A Socialism Spill on Aisle 9
By Daniel Greenfield
SultanKnish.Blogspot.com
The working class in the United States has no
better champion than Barack Obama. Like most
champions of the working class, he has never
actually worked at a real job and instead divided
his time between academia, non-profits and politics
which explains his current work ethic in which he
tries to get a speech in between every two
vacations..
The progressive law professors, who are currently
the only thing standing between the working class
and the abyss, at least according to other
progressive professors, not only haven’t worked for
a living, but don't know what working for a living
entails and don't even understand the concept. Other
things that they don't understand include personal
responsibility, consequences, elementary arithmetic
and human free will.
That last one never fails to throw them for a loop.
No sooner do they pass some comprehensive plan
intended to ameliorate a terrible problem then they
discover that the working people have made a hash
out of it. But they never despair because they are
certain that there is no progressive solution that
cannot be fixed by an even more comprehensive
progressive solution.
ObamaCare isn't working? Go Single Payer? There are
no more doctors? Outlaw illness. People are still
getting sick? Fine them for sabotaging progressive
medicine. Like the island whose colonial overlords
tried to solve their rat problem by dropping snakes
only to discover that it now had a snake problem,
progressives always have solutions. The trouble is
that they never understand the problem.
The protectors of the working class, currently
presiding over a country where over 90 million
adults are not in the workforce, keep dropping
snakes on the island without ever figuring out why
so many people are dying of snakebites. B.O. or
Before Obama, 63 percent of working age Americans
had jobs. Today it's 58 percent. And Obama is trying
to see if he can drop the country below the 50 mark.
The latest snake that Obama is trying to drop on the
island is a minimum wage hike. A minimum wage hike
sounds like a great idea to a progressive professor
who, like Marie Antoinette, wonders why the poor
can't just eat cake during a bread shortage. If the
poor aren't making enough money, just raise their
salaries. If their salaries go up, they'll have more
money and the government will be able to spend more
money creating jobs that it can then tax using a
magic perpetual motion machine.
The first casualty of the minimum wage hike will be
some 500,000 jobs. While just 19 percent of the
minimum wage increase will go to those below the
poverty line, the same isn't true of that 500,000.
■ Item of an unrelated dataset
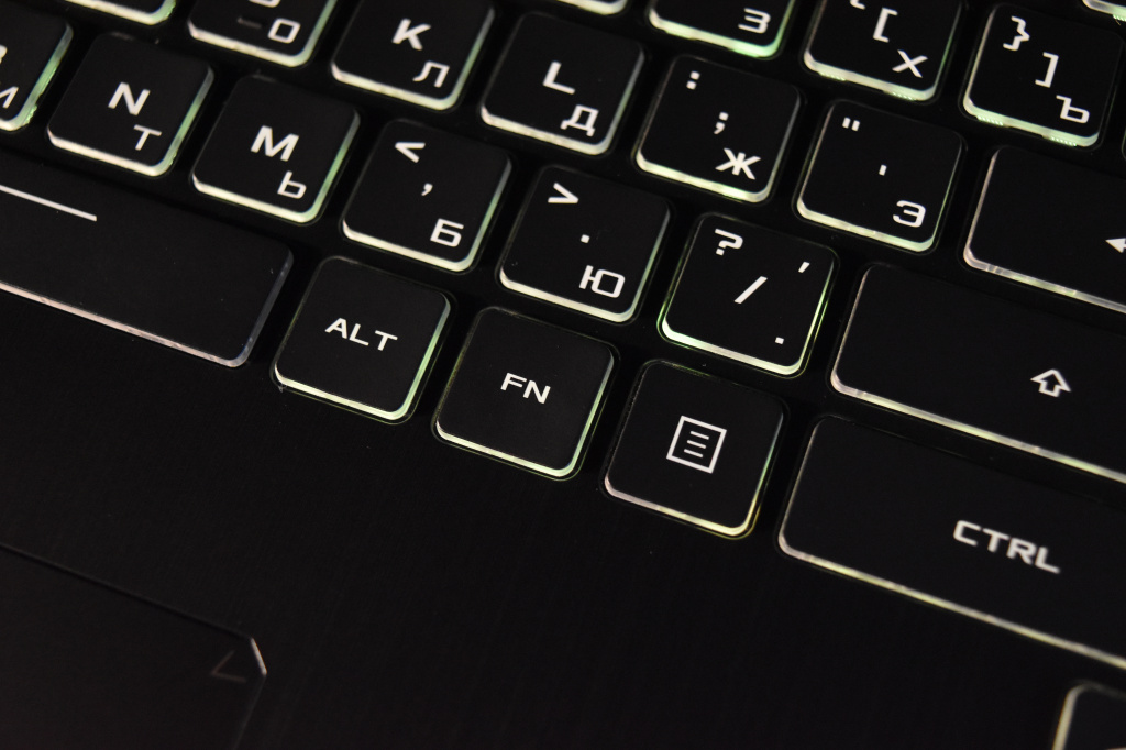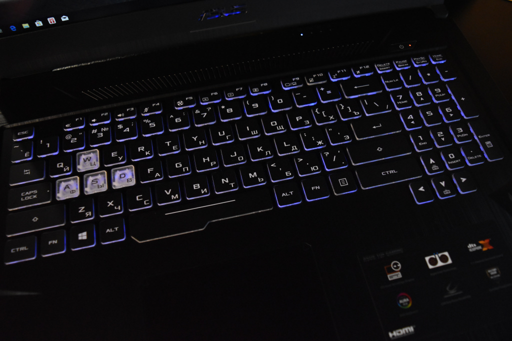 Среди устройств ввода лэптопа есть стандартный тачпад с имитацией нажатий на кнопки, а также мембранная клавиатура с трехуровневой RGB-подсветкой под стать всем трендовым игровым клавиатурам современности. Встроенная в данную модель ноутбука клавиатура имеет ход 1.8 мм, а клавиши WASD отличаются по материалу кейкапов от остальных. По всей видимости, ASUS TUF FX705GM-EW228T ориентирован для поклонников шутеров. Ресурс нажатий клавиш составляет 20 миллионов, ну а RGB-подсветка настраивается с помощью фирменного софта TUF Aura Core.

The most disposable workers also tend to be the
poorest in the new economy. They are the first ones
out the door when a small business comes up against
the ObamaCare employer mandate or a minimum wage
hike. It doesn't take much to push them out from
full time to part time and from part time to the
unemployment line and from the unemployment line to
permanent unemployment.
Purge six figures worth of workers and suddenly
income inequality becomes an even bigger problem
that the Harvard and Yale Friends of the Working
Class can use to run for reelection. It doesn't
occur to progressive professors slash community
organizers that the living standard of the poor is
not defined by an infographic comparing their income
to Bill Gates' spectacles budget or George Soros'
villain lair complete with lasers and piranhas.
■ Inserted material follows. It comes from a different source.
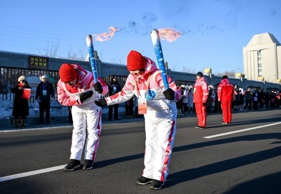 2月3日,在內(nèi)蒙古呼倫貝爾市滿洲里國(guó)門(mén)景區(qū),火炬手包玲玲(右)和錢(qián)卓在火炬?zhèn)鬟f活動(dòng)中。新華社記者 連振 攝

It isn't even defined by their salary, but by the
buying power of that salary.
A salary is just a number. It was once possible to
buy a meal for a dime and a politician for a hundred
dollars. Today dinner with a politician will cost
you that hundred and the politician may cost you a
hundred thousand.
The businesses that minimum wage workers depend
on are peopled with other minimum wage workers. Even
assuming that the pay hike were employment neutral,
which it most certainly is not, it would rebalance
once the businesses they patronize pass on the pay
hike as a price hike. And then before you know it
everyone is making more money that still buys about
the same amount that their old paychecks did.
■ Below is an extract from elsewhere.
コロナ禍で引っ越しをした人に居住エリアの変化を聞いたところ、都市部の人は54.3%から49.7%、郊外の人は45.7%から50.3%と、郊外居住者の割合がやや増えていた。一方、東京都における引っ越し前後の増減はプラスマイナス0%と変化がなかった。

Income inequality is class warfare, a subject of
interest to Marxist professors and sober news
anchors who are deeply concerned about the words
scrolling across their teleprompters, but of very
little relevance to the price of a loaf of bread, a
gallon of milk and a pound of ground beef. The
prices of basic staples have risen sharply under the
Friend of the Working Class in Washington. While he
dines on faux Wagyu beef at White House dinners, the
working class victims of his class warfare are
standing in Aisle 9 trying to assemble a puzzle that
consists of their upcoming paycheck, a Payday loan
and a grocery list.
The woman weighting a can of beans in one hand and
her pocketbook in the other trying to decide what
she can afford to take home doesn't need income
equality with a Harvard Law prof. What she needs a
living standard that will allow her to afford what
working Americans used to be able to afford. A
minimum wage hike is a blunt instrument that looks
good until it puts her out of a job or until she
comes back to Aisle 9 and sees that the price hikes
match her new paycheck.
Progressives don't particularly care about the woman
in Aisle 9. They eat up hard luck stories on NPR and
CNN the way that their great-grandparents marveled
at hunger in Africa because of the way that it makes
them feel, not because they understand how those
people live or care about them. They use them to
feel charitable and to win elections. Each
progressive solution makes life worse in Aisle 9,
but they never visit Aisle 9. If they did, they
would outlaw the other half of the products in it
that they haven't already outlawed through various
contrived legalisms.
In the Venezuelan Aisle 9, mobs are fighting over
powdered milk in government stores in a country that
has 85 percent of the oil reserves in the region.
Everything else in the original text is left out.